In response to the precarious situation, the medical team executed a challenging intrauterine transfusion procedure to replenish the fetus's hemoglobin levels, thereby mitigating the risk of preterm birth. After two subsequent weeks, delivery at 35 weeks gestation alleviated concerns surrounding low hemoglobin levels in the infant, ensuring a safe outcome for both mother and child.

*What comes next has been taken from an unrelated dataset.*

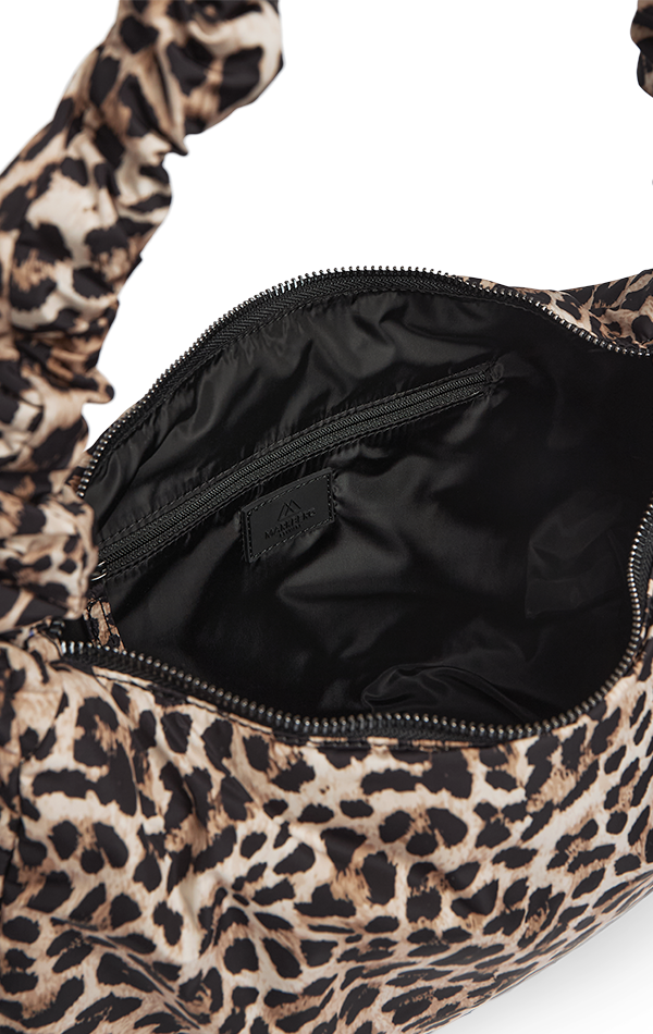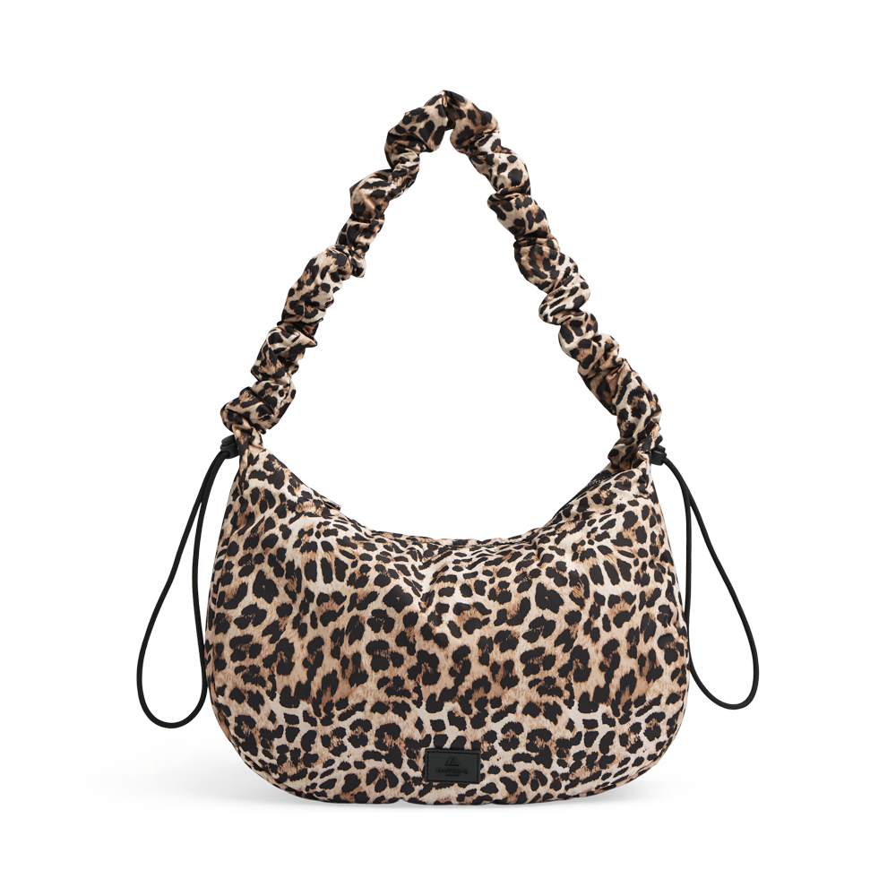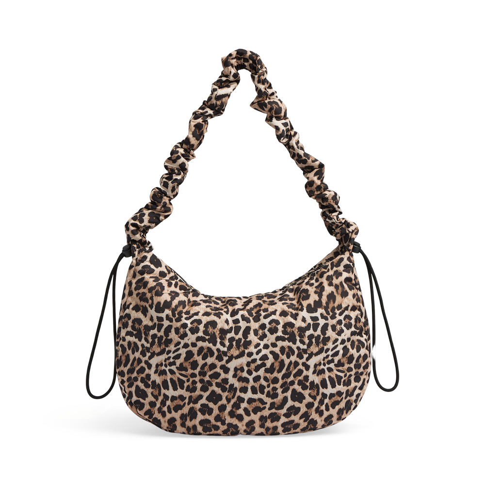 An elegant and playful crossbody. Can be worn crossbody or over the shoulder. The softly padded strap with ruched detailing and adjustable drawstring gives the bag a unique and trendy look.

Dr. Sameena added that the baby was kept under observation and monitoring in NICU for over a week post-delivery where the child received further transfusions before being discharged subsequently.
Dr. Sameena Haroon expressed gratitude for the collaborative efforts of her colleagues, including Dr. Shami Shastri, Dr. Pundalik Baliga, and Dr Mario J Bukelo, whose expertise and teamwork were instrumental in achieving a successful delivery. Despite the complexities posed by the patient's history of fetal loss, the utilization of modern medical advancements and the dedication of the medical team culminated in a positive outcome, with both mother and child discharged from the hospital in good health.
What is intrauterine blood transfusion?
Intrauterine blood transfusion is a complex medical procedure performed during pregnancy to address severe fetal anemia. Through the procedure, the baby in mother's womb is transfused blood.
Before the procedure, the mother undergoes thorough assessments, including ultrasound scans and blood tests. Continuous ultrasound guidance is used throughout the procedure to visualize the fetus, placenta, and the specific blood vessels involved. A thin, specialized needle is carefully inserted through the mother's abdomen and into the amniotic sac, guided by real-time ultrasound imaging. The goal is to reach the umbilical vein of the fetus.
Once the needle is correctly positioned, compatible blood is slowly transfused into the fetus through the umbilical vein. The amount of blood transfused is carefully controlled to avoid overloading the fetal circulation.
This successful delivery at KMC Hospital in Mangalore also marks a significant milestone in medical advancement within the region. The utilization of the "Intrauterine Transfusion" system, under the adept supervision of Dr. Sameena Haroon, signifies one of the pioneering instances of this rare procedure in Mangalore. Dr. Sameena's leadership and expertise, coupled with the collaborative efforts of her medical team, have not only facilitated a positive outcome for the patient and her child but have also expanded the scope of obstetric care in the region.